Pseudo-waffle plots from LA from the Washington Post


Hey folks!

Do you ever get that feeling where you’re scared to try something? But then you do it anyway… and it turns out way better than you expected? Well that was me on Wednesday morning. I ran my first livestream on YouTube recreating a ridgeline plot from Our World in Data showing the US baby boom. I wrote about it here in the newsletter back in May. The full session was about 2.5 hours. YouTube tells me that 272 people popped in at some point during the session. To be honest, I really only expected 2 or 3 people and that there would be times when no one would be watching me. Thanks to all who tuned in!

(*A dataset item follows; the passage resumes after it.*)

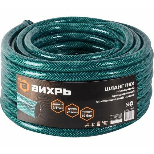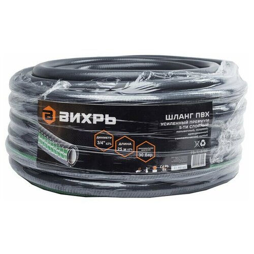 Шланг ВИХРЬ ПВХ 3-х слойный армированный, 3/4", 25 м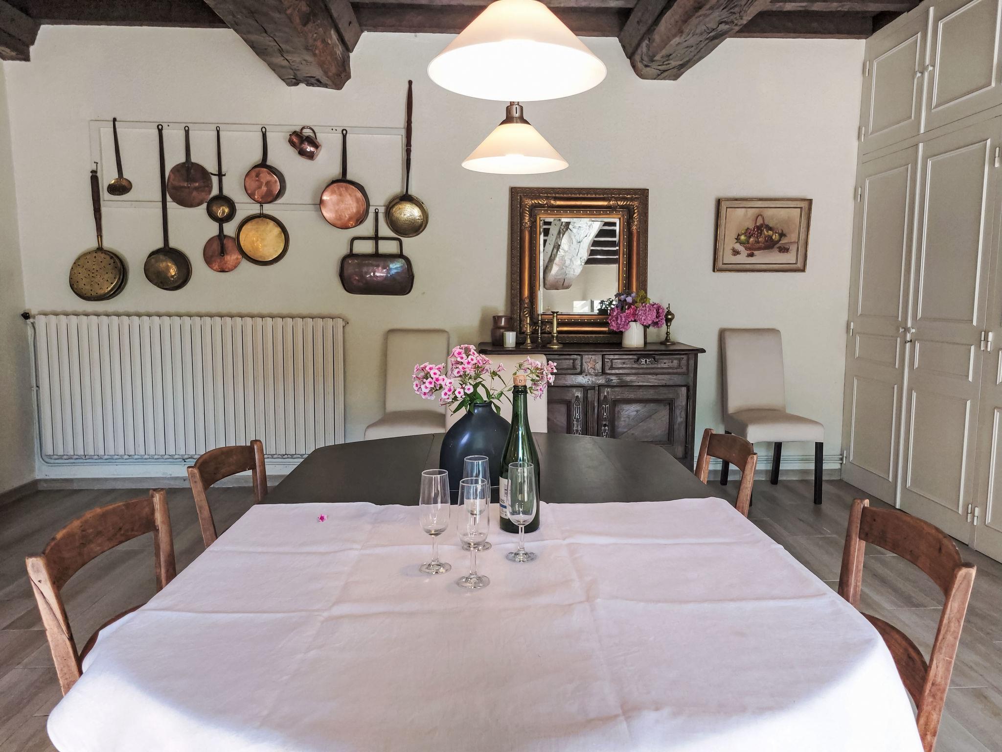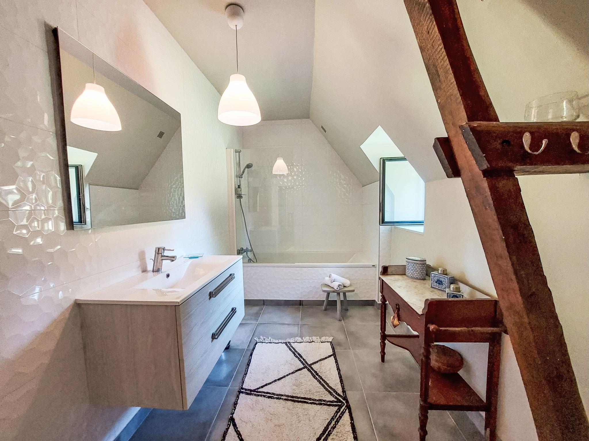 "La Grulais", 4-room house 160 m2 on 2 levels, south facing position. Comfortable and beautiful furnishings: large living/dining room with open-hearth fireplace. Exit to the terrace. Large kitchen (oven, dishwasher, 4 gas rings, toaster, kettle, microwave, freezer, electric coffee machine, Capsules for coffee machine (Nespresso) extra) with dining table. Exit to the terrace. Upper floor: 1 room with 1 french bed (160 cm, length 190 cm). Gallery with 1 french bed (140 cm, length 190 cm). 1 room with 1 french bed (140 cm, length 190 cm). Bathroom, sep. WC. Oil heating. Terrace furniture, barbecue, deck chairs (6). Facilities: washing machine, children's high chair, baby cot for up to 2 year olds, hair dryer. Internet (WiFi, free). Please note: non-smoking house. Smoke alarm. Offer by a private individual according to Art. 155, IV of CGI.

I would love to get feedback from anyone who was watching. Honestly, I’ve never watched a livestream before. If you know of any great livestreams, please send them my way so I can learn what makes them more effective. Something I already noticed was that I got a question about something I wasn’t planning on discussing - how to put a logo in the visual - and we spent some time doing that. It was scary to go off the script at the end there, but fun!

The next one will be on Wednesday, June 18th at 9:00 am (Eastern US). I plan on doing a makeover of this plot as a heatmap based on another heatmap I made showing deaths to drug overdoses.


It should surprise no one that Americans are divided on nearly every issue. Recently protests in Los Angeles and the response from the Trump administration have been dominating the news. The Washington Post surveyed 1,000 people to gauge their opinion of the protests and the response (free version). In my opinion, the results were fairly predictable. Republicans support Trump and oppose the protestors. Democrats oppose Trump and support the protestors.

This article shows two types of plots: horizontal stacked bar charts and something like a waffle plot. They also share the free text responses from survey participants. Let’s start with the horizontal stacked bar charts.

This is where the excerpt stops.